» AIM OF THE TASK:
Leave out all pictures and retype exactly the lines from the one with "Ek 2: Kasıdecizâde" through the last line of the material.

» RECORDS SUPPLIED:

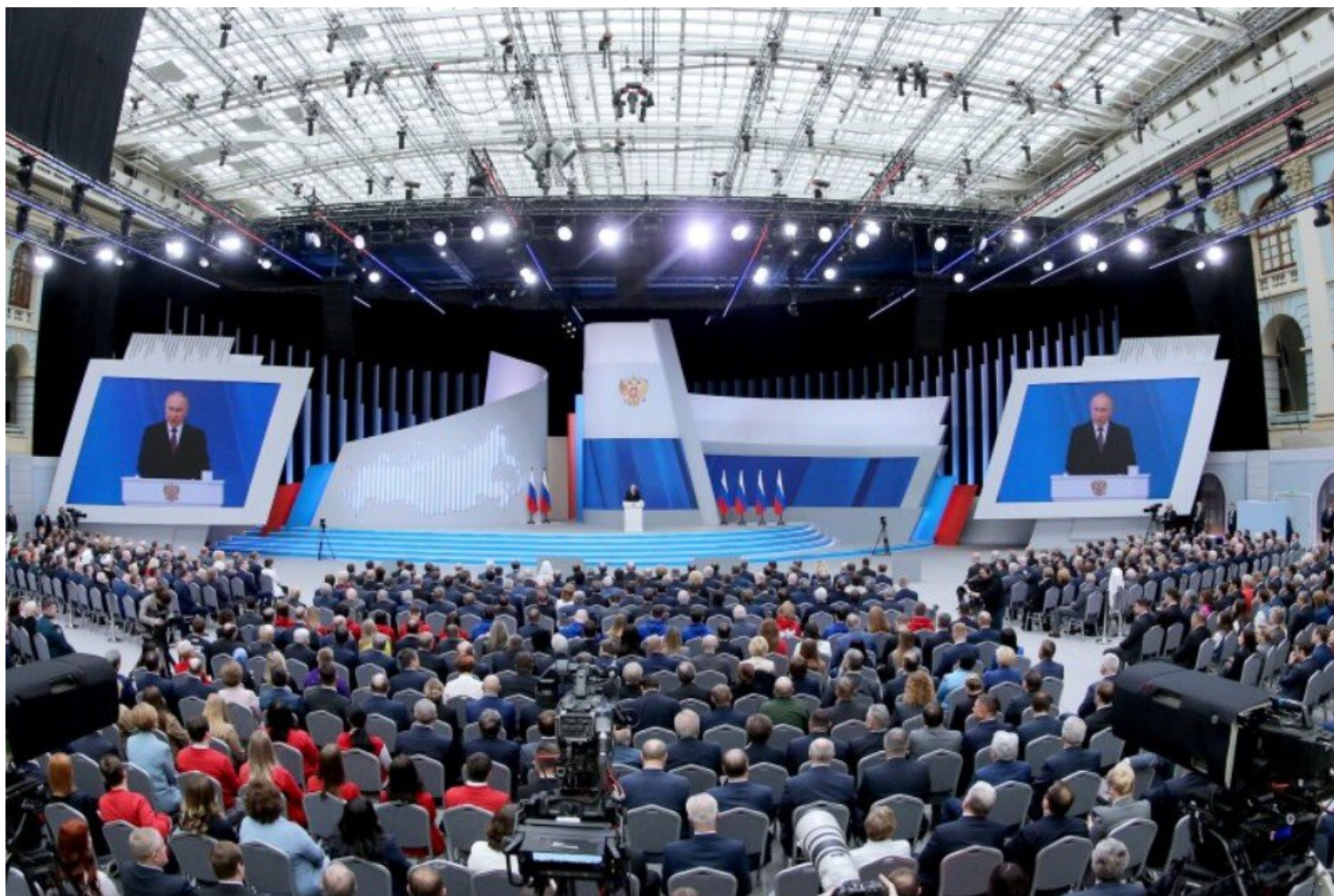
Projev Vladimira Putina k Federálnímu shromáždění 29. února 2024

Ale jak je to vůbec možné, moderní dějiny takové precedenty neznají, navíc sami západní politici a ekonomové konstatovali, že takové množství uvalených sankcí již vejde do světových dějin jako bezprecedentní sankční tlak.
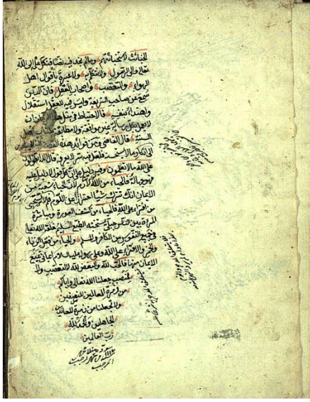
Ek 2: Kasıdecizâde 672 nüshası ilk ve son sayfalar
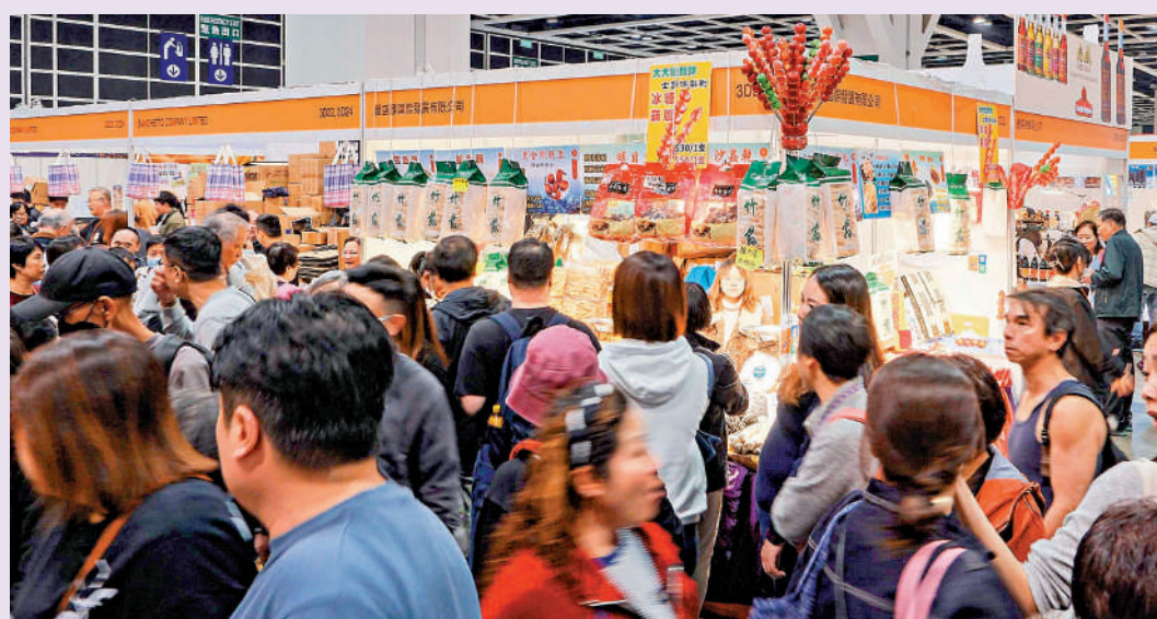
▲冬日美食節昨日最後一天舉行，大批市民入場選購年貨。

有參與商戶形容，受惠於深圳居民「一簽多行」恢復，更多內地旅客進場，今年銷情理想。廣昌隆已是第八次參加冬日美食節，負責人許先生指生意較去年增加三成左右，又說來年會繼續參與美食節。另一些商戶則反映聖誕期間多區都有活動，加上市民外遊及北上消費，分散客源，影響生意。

» TASK RESPONSE:
Ek 2: Kasıdecizâde 672 nüshası ilk ve son sayfalar
▲冬日美食節昨日最後一天舉行，大批市民入場選購年貨。

有參與商戶形容，受惠於深圳居民「一簽多行」恢復，更多內地旅客進場，今年銷情理想。廣昌隆已是第八次參加冬日美食節，負責人許先生指生意較去年增加三成左右，又說來年會繼續參與美食節。另一些商戶則反映聖誕期間多區都有活動，加上市民外遊及北上消費，分散客源，影響生意。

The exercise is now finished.